一方、数学IIBや数学IIIは、高2の終わりまで学校で終了しないとこともありますので、高3が始まった段階で勉強するのもやむを得ないでしょう。ただし、高3生になってから数学IIBを最初から始めるとなると、少し時間的には厳しそうです。高2の間にIIBは購入しておき、単元が終了したところから始めておくべきでしょう。

 

3.まとめ~なぜ青チャートが使われるのか~

おススメ表をご覧いただければ分かる通り、青チャートはかなり多くの層をカバーしています。その理由は、これまでの内容をまとめることで分かります。

 

青チャートは、レベルのカバー範囲が非常に広く、どのレベルの典型手法も、ほぼもれなく一通り網羅されています。問題数が非常に多い理由がここにあります。しかし、全ての人が全ての問題を解いてるかというと、そうではありません。超難関大を志望する人が、最初のすごく簡単な問題を解いている可能性は低いですし、中堅大をめざす人が、巻末の総合演習を解くのは少し無理があります。

 

そこで、自分のレベルに応じて解く問題を取捨選択していっても、そのレベルに関しては網羅することができます。従って、どんなレベルの人が手に入れたとしても、とりあえず自分がやるべき問題は網羅されているはずで、ハズレはないというのが、多くの人にとって青チャートが使われる理由です。

 

青チャートは、大型ショッピングセンターのようなものです。
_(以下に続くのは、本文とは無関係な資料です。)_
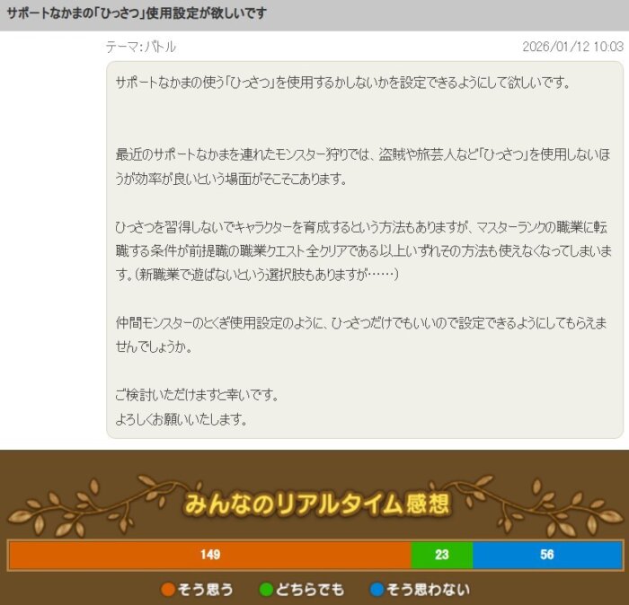 「サポートなかまの「ひっさつ」を使用するかしないかを設定できるようにしてほしい」という提案です。

大型ショッピングセンターは、買い物はもちろん、娯楽なども全てそろっています。一度に全てのお店を訪れる人はあまりいませんが、食料品だけ、服だけを買いに来る人もいますし、映画を見に来ただけ人、レストランで外食をとる人もいます。「ここに来れば、少なくとも自分のやりたいことはできる」という感覚ですね^^

 

最後にまとめます。本記事をご覧になっているということは、青チャートについて何らか気になっているということです。そんな青チャートは、「気になるなら、持っておいて損はない参考書」と言えそうですね。